Omit the pictures and reproduce the rest of the listing exactly.

**Input data**
____________________

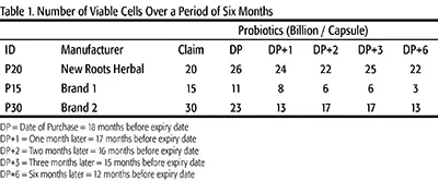To test product viability, the number of colony forming units (CFU) were measured on the date of purchase (DP), 18 months prior to the expiration date. The results revealed that all products evaluated contained viable probiotic bacteria; however, the levels varied considerably. P20 contained more than the claimed culture concentration; 130% of its label claim. The two “shelf-stable” probiotics fell short of their label claim; P15 contained only 77% viable CFU, and P30 contained only 73% viable CFU. Products were subsequently tested at 1, 2, 3, and 6 months following the date of purchase. The results are shown in the table below:
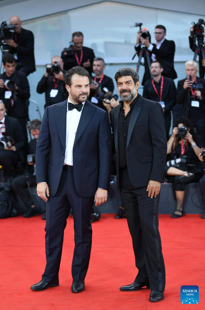 Director Edoardo De Angelis (L) and actor Pierfrancesco Favino pose on the red carpet of the 80th Venice International Film Festival in Venice, Italy, Aug. 30, 2023. The 80th annual Venice International Film Festival kicked off here on Wednesday evening, with a diverse line-up of movies competing for the prestigious Golden Lion prize. (Xinhua/Jin Mamengni)
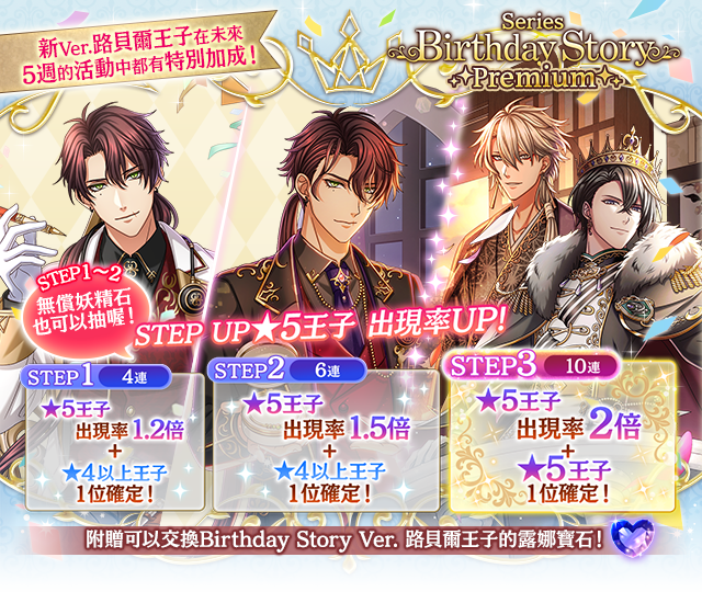 本次將開放Birthday Story Premium STEP王子召喚,本次召喚可進行3輪,每一輪3次的STEP召喚,Step 1 ~ 2 可使用無償妖精石,Step 3限定使用有償妖精石進行。
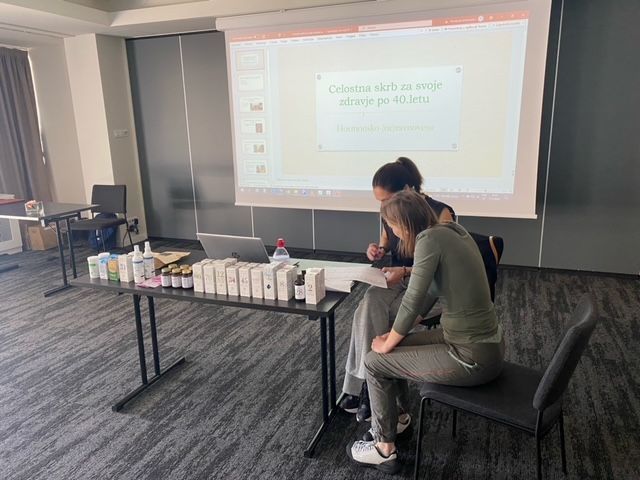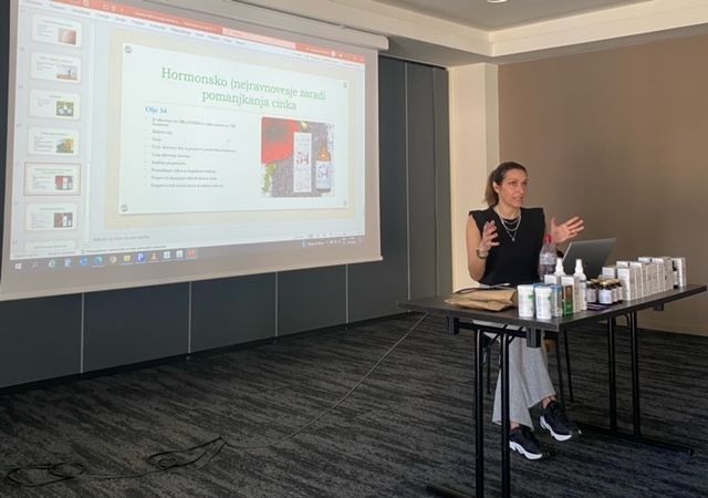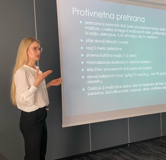 Dr. Ana Debevc Prašnikar med predavanjem o osnovah nege kože

____________________

**Answer to this task**
To test product viability, the number of colony forming units (CFU) were measured on the date of purchase (DP), 18 months prior to the expiration date. The results revealed that all products evaluated contained viable probiotic bacteria; however, the levels varied considerably. P20 contained more than the claimed culture concentration; 130% of its label claim. The two “shelf-stable” probiotics fell short of their label claim; P15 contained only 77% viable CFU, and P30 contained only 73% viable CFU. Products were subsequently tested at 1, 2, 3, and 6 months following the date of purchase. The results are shown in the table below:
 Director Edoardo De Angelis (L) and actor Pierfrancesco Favino pose on the red carpet of the 80th Venice International Film Festival in Venice, Italy, Aug. 30, 2023. The 80th annual Venice International Film Festival kicked off here on Wednesday evening, with a diverse line-up of movies competing for the prestigious Golden Lion prize. (Xinhua/Jin Mamengni)
 本次將開放Birthday Story Premium STEP王子召喚,本次召喚可進行3輪,每一輪3次的STEP召喚,Step 1 ~ 2 可使用無償妖精石,Step 3限定使用有償妖精石進行。
 Dr. Ana Debevc Prašnikar med predavanjem o osnovah nege kože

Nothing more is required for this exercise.